- Born: Jai McDowall 24 July 1986 (age 40) Irvine, North Ayrshire, Scotland
- Origin: Tarbolton, South Ayrshire, Scotland
- Genres: rock, opera, classical crossover
- Occupation: Singer-songwriter
- Instrument: Vocals
- Years active: 2009–present
- Labels: Syco, Sony (2011–12) WIR Records (2012–13) Crossfire Talent (2013–present)
- Member of: G4
- Website: Official website

= Jai McDowall =

Scottish singer-songwriter

Jai McDowall (born 24 July 1986) is a Scottish singer-songwriter, who won the fifth series of Britain's Got Talent in June 2011. As the winner, he received £100,000 and performed at the 2011 Royal Variety Performance. McDowall was signed to Syco Music, a subdivision of record label giant, Sony Music. His debut album Believe was released on 9 December 2011. The lead single "With or Without You" was released the same day.

In March 2012, he was dropped by Syco after poor sales of his debut album. It was reported that the singer claimed that Syco boss, Simon Cowell, was anti-Scottish. He later released two extended plays, Christmas With... and Cry, Home, Closer on digital download format. His 2013 single "Won't Forget", featuring the Clutha Appeal, was released following the helicopter crash at the Clutha bar in Glasgow, and reaching number seventeen on the Scottish Singles Charts.

From 2023-2025 he was the low tenor of the group G4, having replaced previous member Lewis Raines.

==Early and personal life==
McDowall was raised in Tarbolton in Ayrshire, Scotland where he worked as a support worker prior to winning Britain's Got Talent. He was a member of the Ayr Amateur Opera Company and Loudoun Musical Society. He played roles such as Frank in Seven Brides for Seven Brothers and Motel in Fiddler on the Roof.

Before his job of looking after young people with disabilities, McDowall spent two years studying Music and Audio Technology (NC & HNC) at Music and Sound Production Dept, Ayr College, Scotland. In 2012, it was misreported that McDowall called Simon Cowell 'anti-Scottish' in a news article. Reacting to the story, Cowell defended himself on Britain's Got More Talent saying that his mother was Scottish and reminded McDowall that he signed and still works with Susan Boyle who is Scottish.

==Music career==
===2009–2011: Early career ===
Before Britain's Got Talent, he appeared as a contestant on The X Factor and The American Idol Experience. McDowall auditioned for The American Idol Experience whilst on holiday in the US in 2009, and won. He also auditioned for The X Factor in 2010 and reached boot camp but lost out on a place in the live shows.

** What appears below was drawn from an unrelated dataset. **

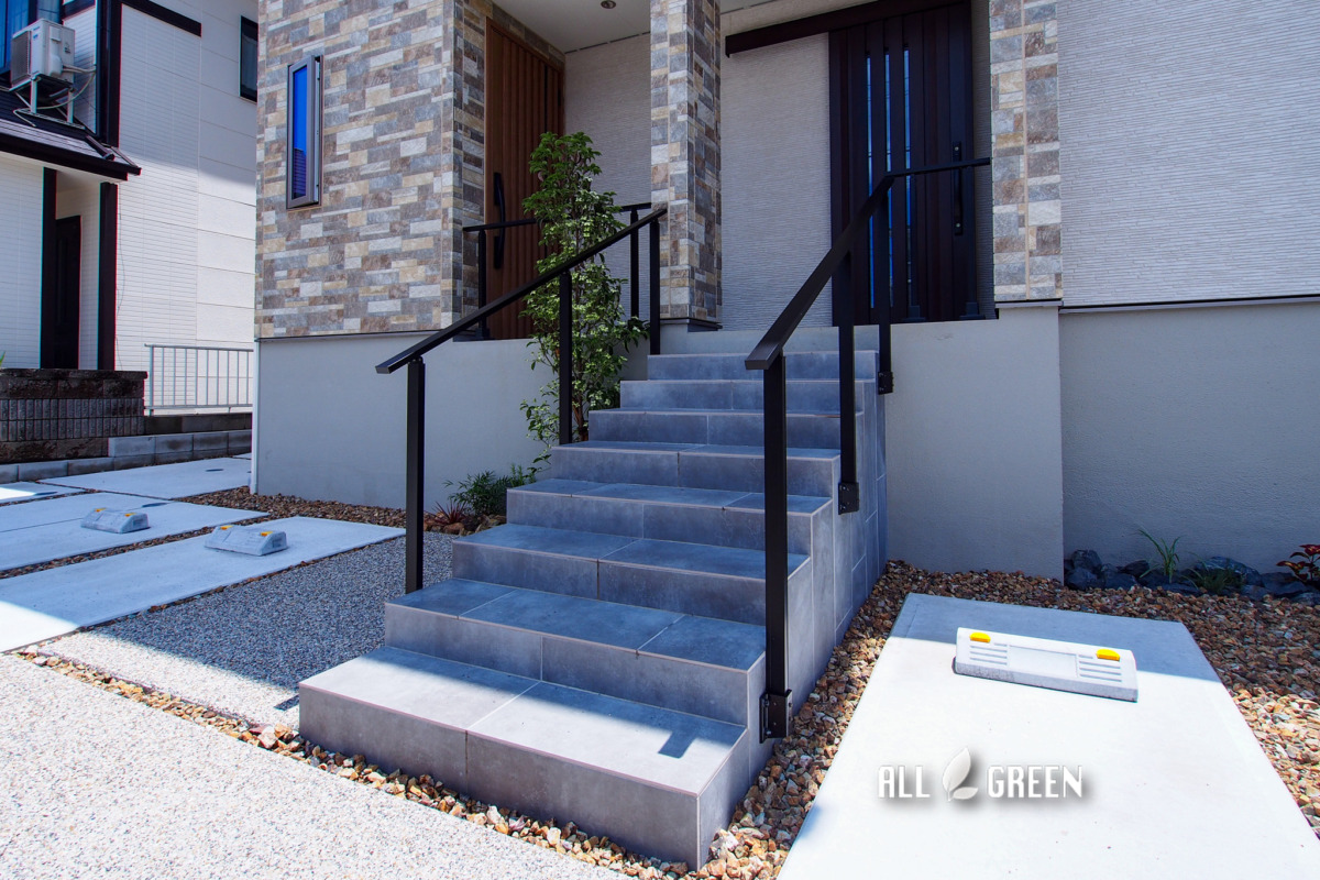 階段は門塀で使用したタイルと合わせ、統一感を図っています。

===2011: Britain's Got Talent ===
McDowall auditioned in Liverpool for the fifth series of Britain's Got Talent with "Anthem" from Chess, receiving very positive comments from all of the three judges, Michael McIntyre, Amanda Holden and David Hasselhoff. He received three yesses and was put through to the next round, and through to the live semi-finals. McDowall performed for a second time in the semi-final on 2 June 2011, singing "Bring Me to Life" by Evanescence. He once again received positive comments from the judges including Cowell. McDowall received the highest number of votes on the night and was automatically put through to the final.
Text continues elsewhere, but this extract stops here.